7. The fault-tolerant method for redundancy-free fault reconstruction of a spaceborne computer according to claim 1, characterized in that, Step 3 further includes: The Basic Input / Output System (BIOS) first performs a fault threshold determination, comparing the retry count value obtained in step 1 with a preset fault threshold. If the fault threshold determination result is that the preset fault threshold has not been reached, the basic input / output system BIOS updates the retry count value, writes the updated retry count value into the hardware status manager, and then activates the hardware watchdog. If the fault threshold determination result is that the preset fault threshold has been reached, the BIOS of the Basic Input / Output System performs a status update operation, modifies the health status data obtained in step 1, and marks the health status bit associated with the current startup device determined in step 2 as faulty.

8. The fault-tolerant method for redundancy-free fault reconstruction of a spaceborne computer according to claim 1, characterized in that, Step 4 further includes: The condition for successful loading of the operating system is that the dedicated driver has sent the "feed the watchdog" command to the hardware watchdog within the predetermined timeout period. If the condition is met, the operating system immediately executes the operation of resetting the retry count value, updating the retry count value associated with the device to be started in this step 2 to zero; If the conditions are not met, it indicates that the hardware watchdog timer has been triggered due to a timeout, and the hardware watchdog timer sends a hardware reset signal to the computer system.

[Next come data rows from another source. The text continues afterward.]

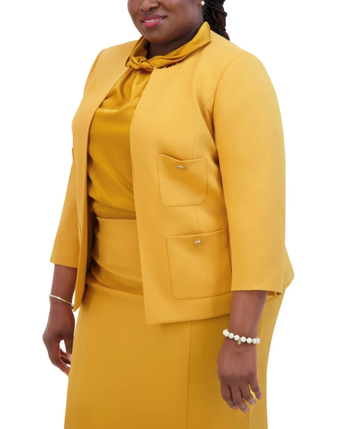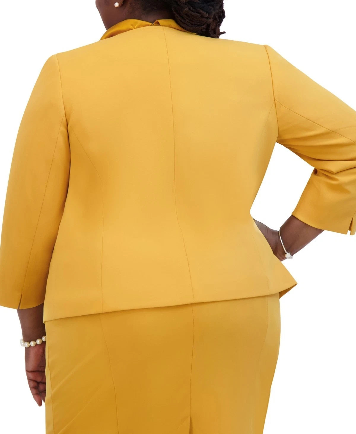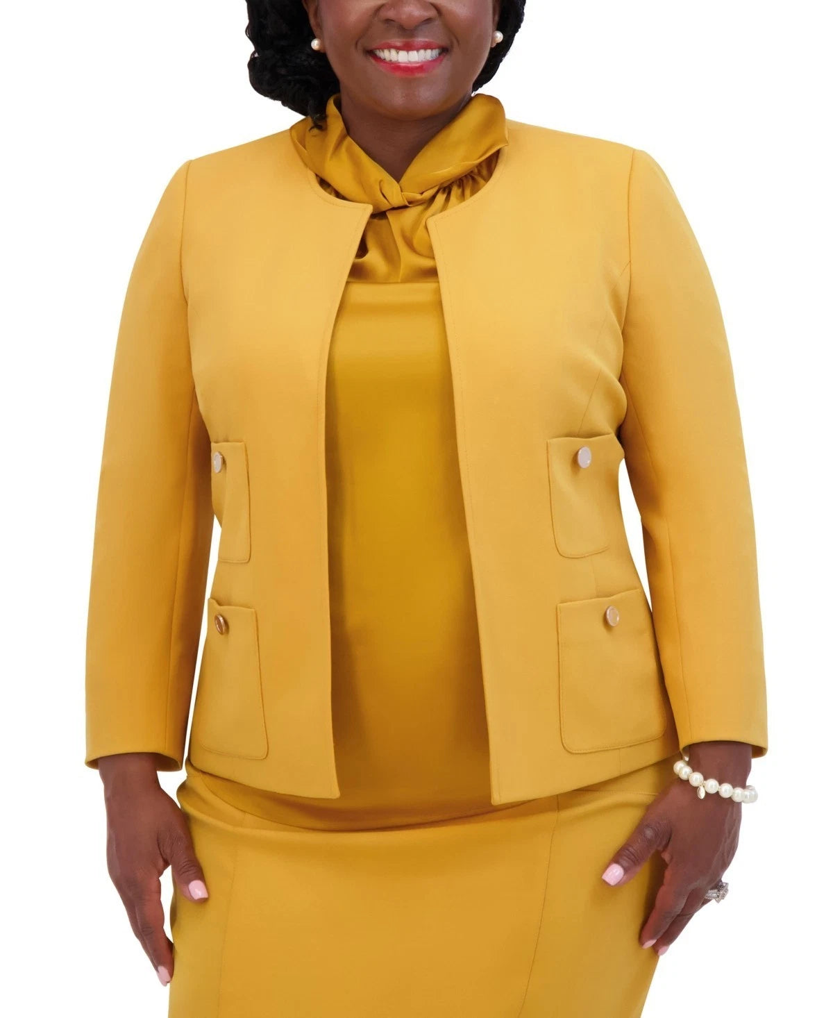 Kasper Women's Open-Front Round-Neck Blazer Yellow Mustard Size L MSRP $129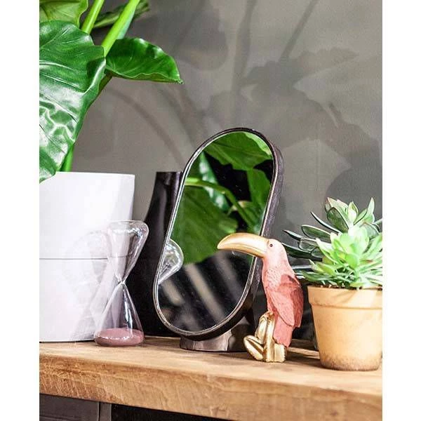 Perfect op iedere tafel of dressoir deze staande spiegel Vanity Four. Gemaakt van metaal met een spiegel in een mooie ronde vorm, handig voor op de eettafel maar ook een ware toevoeging tot je woonaccessoires in je interieur. Hij heeft een afmeting van 30 x 16 x 13 centimeter en is leuk te combineren met de andere gave spiegels uit de collectie van Vanity. Deze musthave wil je echt!!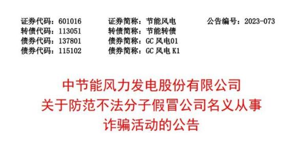 10月23日晚間,節(jié)能風(fēng)電發(fā)布公告提醒廣大群眾防范詐騙活動(dòng)。2022年1月,中節(jié)能風(fēng)力發(fā)電股份有限公司接到群眾反映,有不法分子假冒公司名義,通過(guò)偽造手機(jī)APP、微信群及虛假網(wǎng)絡(luò)平臺(tái)等方式實(shí)施詐騙活動(dòng)。
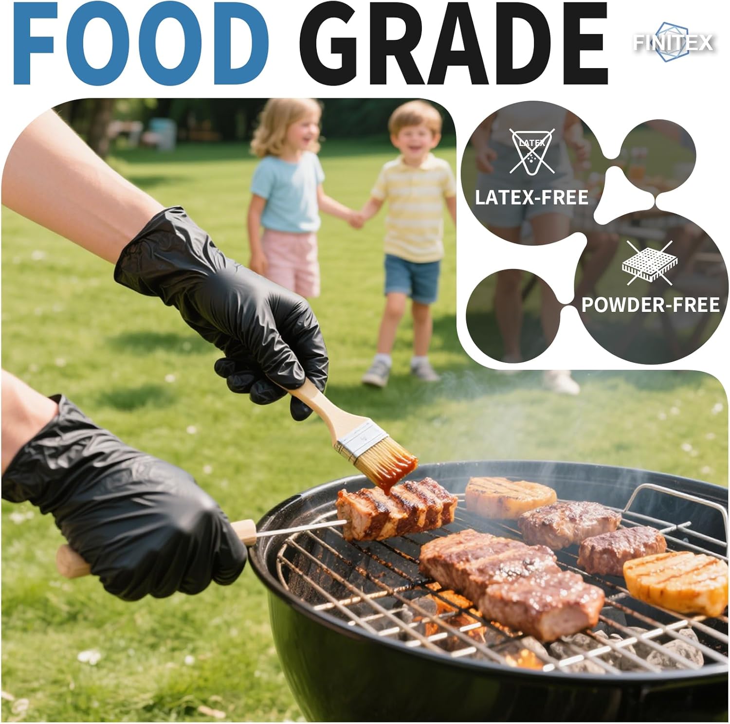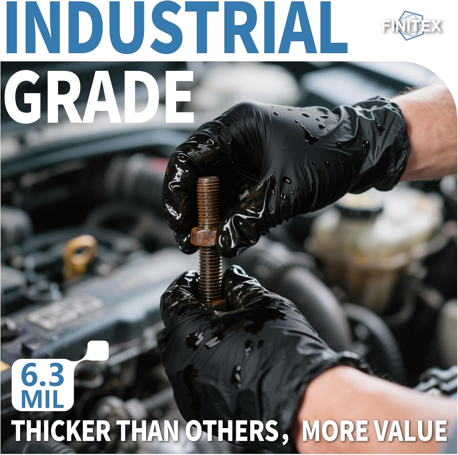 FINITEX Black Nitrile Disposable Medical Exam Gloves – 100/1000 PCS 6.3mil Powder-Free Latex-Free Food Gloves

9. The fault-tolerant method for redundancy-free fault reconstruction of a spaceborne computer according to claim 1, characterized in that, The hardware status manager is a radiation-hardened field-programmable gate array (FPGA). The health status data, the current startup target ID, and the retry count value obtained in step 1 are all stored in the non-volatile memory unit integrated in the radiation-hardened FPGA.

10. The fault-tolerant method for redundancy-free fault reconstruction of a spaceborne computer according to claim 1, characterized in that, In step 4, after the computer system restarts due to the hardware reset signal issued by the hardware watchdog, the health status data and retry count value obtained by the BIOS when returning to execute step 1 are values ​​that have been updated before the hardware reset signal is triggered. These values ​​are maintained during the hardware reset process because they are stored in the non-volatile storage medium of the hardware status manager.